Le perturbateur dans la perturbation, le porte-drapeau de la chanson contestataire, l’ami du peuple, des gueux, des gens en colère, des fous et des femmes venait d’être assassiné en plein jour sur cette terre qu’il chérissait plus que tout au monde. La nouvelle a ricoché comme une balle dans les cœurs. Rapidement en Algérie, et à l’étranger les agences de presse reprennent l’information de la mort de Matoub Lounès en priorité. Les journaux des chaînes françaises s’ouvrent sur son assassinat. Jacques Chirac en voyage en Afrique avait rendu un vibrant hommage dans un message de condoléances à sa famille. En Algérie, l’ENTV poursuit son œuvre de crétinisation, de nihilisme primaire et servile. Ignorant l’importance de la perte de cet artiste, elle parle de tout… de rien en somme. Des autorités, aucun mot. Mais Lounès et ses fans étaient en rupture avec tout ce qui est officiel. Personne ne pouvait s’attendre à un message du président ni du ministère de la culture.

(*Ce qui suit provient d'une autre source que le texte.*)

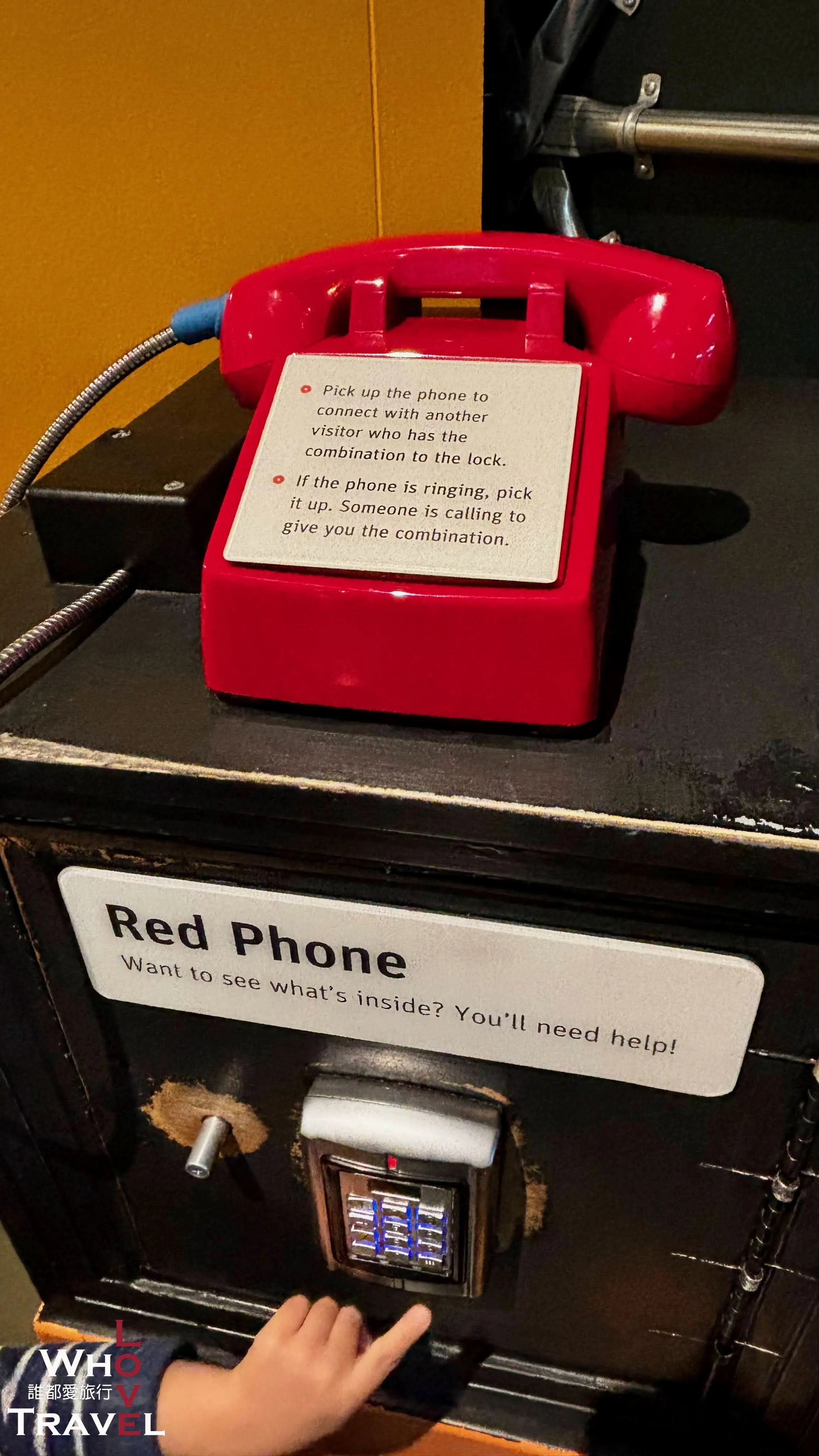 Some exhibits require teamwork and cooperation with others. This telephone setup is one of them—you have to ask the person on the other end of the line to give you the secret code so you can crack open the safe below.

Les jours suivants la Kabylie s’embrasent. Des dizaines de manifestations ont lieu partout. L’hôpital de Tizi Ouzou où était évacuée la dépouille du chanteur est envahi par des milliers de jeunes fans. Le jour de son enterrement, des centaines de milliers d’hommes et de femmes sont venus lui rendre un dernier hommage. La foule s’étendait sur plusieurs kilomètres. La route qui menait de la capitale de la Kabylie à Taourirt Moussa était bondé de monde. Jamais sans doute cette région n’avait connu pareille affluence. Jamais enterrement n’avait connu autant de monde. C’était l’avant-dernier hommage des admirateurs du poète. Le dernier est d’écouter toujours ses chansons. Il y a quelques jours cinq éditeurs véreux ont été condamnés par la justice pour pillage de l’œuvre de Lounès. Beaucoup ont profité de sa mort pour repiquer son œuvre et la vendre sans retenue.

Qui a tué Matoub Lounès ?

Reste à trouver ses assassins et les passer en jugement. Depuis dix ans, deux prévenus sont en prison. Malik Madjnoune et Abdelhakim Chenoui réclament un jugement. Mais le procès est renvoyé depuis pas mal d’années. Dans ce crime, la justice ne semble pas avoir pris le chemin le plus court pour savoir qui est véritablement derrière l’assassinat de Matoub Lounès. A chaque veille du 25 juin, on promet un procès, puis on le renvoie.



* Reconstitution à partir du témoignage de son épouse Nadia.